When the two leaders do meet, they will also discuss moves to transfer more responsibility to Iraq's security forces.

Meanwhile Iraqi President Jalal Talabani, who has been holding talks with Iranian leaders in Tehran, has urged Iran to back the elected Iraqi government, not Shia militia groups.

'Whirlpool of violence'

Jordan's King Abdullah met Mr Maliki shortly after the Iraqi prime minister's arrival.
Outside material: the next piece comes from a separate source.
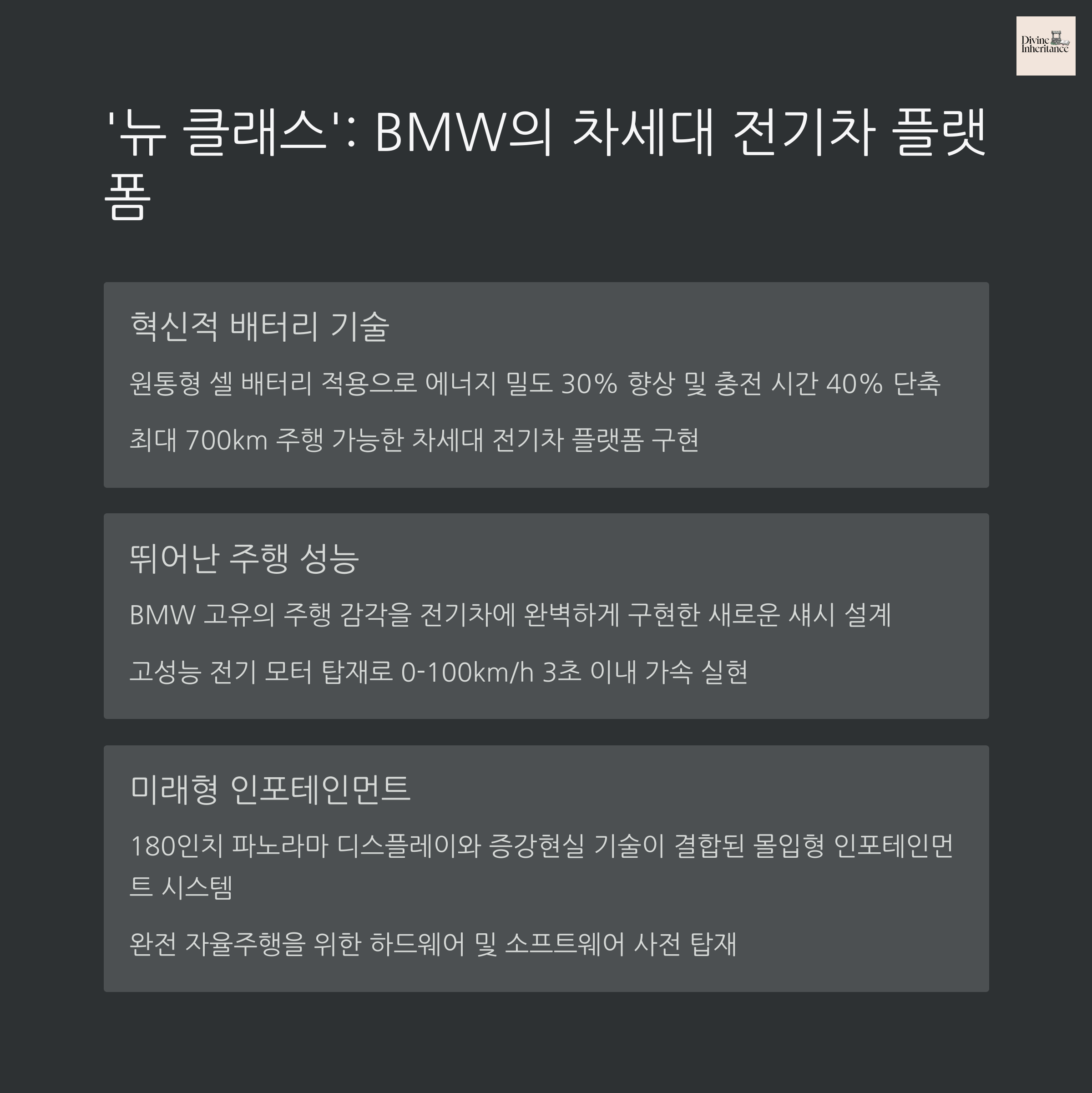 BMW가 헝가리 공장을 전략적 거점으로 삼은 또 하나의 중요한 이유는, 바로 차세대 전기차 플랫폼인 '뉴 클래스(New Class)'의 본격 생산지로 선정되었기 때문이다. 뉴 클래스는 기존 전기차 라인업과 차별화된 새로운 구조와 디자인 철학을 바탕으로 개발되고 있으며, BMW의 미래를 이끌 주력 모델로 기대받고 있다.

He told him that "national reconciliation among all the Iraqi factions" was the only solution to the crisis in Iraq, a statement from the Royal Palace said.

On Tuesday, King Abdullah told the BBC Arabic Service he was very concerned about increasing violence in Iraq.

"We [urge] our brothers in Iraq, the Iraqi political and religious leadership - be they Shia or Sunni - to realise the seriousness of the situation and not to allow any conspiracy to pass aimed at dividing or destroying Iraq in a whirlpool of violence and chaos," he said.

White House spokesman Dan Bartlett said the decision to delay talks between Mr Bush and Mr Maliki was "absolutely not" linked to the leaked memo.

Earllier, White House spokesman Tony Snow, travelling with Mr Bush, said the chief aim of the memo was "to support Maliki and enhance his capabilities".

Mr Bush is facing growing political pressure over the lack of progress in Iraq and the rising tide of violence, says the BBC's Jonathan Beale in Washington.

Even the White House acknowledges the violence has reached a new phase, though it still dismisses talk of a civil war, he says.

Mr Bush is also under pressure to redouble US efforts to resolve the Israeli-Palestinian conflict, our correspondent says, and will be told by King Abdullah that it is the most pressing crisis in the region.

Even Washington's strongest Arab allies are showing signs of frustration at US policies in the Middle East, he adds.